» Assigned task
Please set down exactly the lines of the listing below from the line containing "Produto delicado e" through the line containing "看Estefania Sim", both lines included, leaving out all other lines.

» Given data
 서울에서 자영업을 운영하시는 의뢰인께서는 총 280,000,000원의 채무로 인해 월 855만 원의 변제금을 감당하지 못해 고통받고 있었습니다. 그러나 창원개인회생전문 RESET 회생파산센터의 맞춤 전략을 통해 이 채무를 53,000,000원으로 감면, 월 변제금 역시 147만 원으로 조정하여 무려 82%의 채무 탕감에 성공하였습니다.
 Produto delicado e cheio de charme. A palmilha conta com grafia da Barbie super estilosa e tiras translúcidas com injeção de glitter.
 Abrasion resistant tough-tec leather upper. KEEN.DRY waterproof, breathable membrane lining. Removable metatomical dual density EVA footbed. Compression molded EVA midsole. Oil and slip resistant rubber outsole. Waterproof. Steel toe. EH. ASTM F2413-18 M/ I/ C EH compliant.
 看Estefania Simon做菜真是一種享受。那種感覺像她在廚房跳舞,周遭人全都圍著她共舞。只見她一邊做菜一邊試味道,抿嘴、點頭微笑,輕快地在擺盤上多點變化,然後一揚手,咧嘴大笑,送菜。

...

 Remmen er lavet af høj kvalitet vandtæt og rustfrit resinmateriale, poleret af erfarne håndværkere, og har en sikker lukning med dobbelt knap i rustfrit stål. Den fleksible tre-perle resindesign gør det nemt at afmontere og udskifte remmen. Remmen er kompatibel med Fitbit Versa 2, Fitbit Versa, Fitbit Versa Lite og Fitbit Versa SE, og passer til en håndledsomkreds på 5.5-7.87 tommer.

» Solution for this problem
 Produto delicado e cheio de charme. A palmilha conta com grafia da Barbie super estilosa e tiras translúcidas com injeção de glitter.
 Abrasion resistant tough-tec leather upper. KEEN.DRY waterproof, breathable membrane lining. Removable metatomical dual density EVA footbed. Compression molded EVA midsole. Oil and slip resistant rubber outsole. Waterproof. Steel toe. EH. ASTM F2413-18 M/ I/ C EH compliant.
 看Estefania Simon做菜真是一種享受。那種感覺像她在廚房跳舞,周遭人全都圍著她共舞。只見她一邊做菜一邊試味道,抿嘴、點頭微笑,輕快地在擺盤上多點變化,然後一揚手,咧嘴大笑,送菜。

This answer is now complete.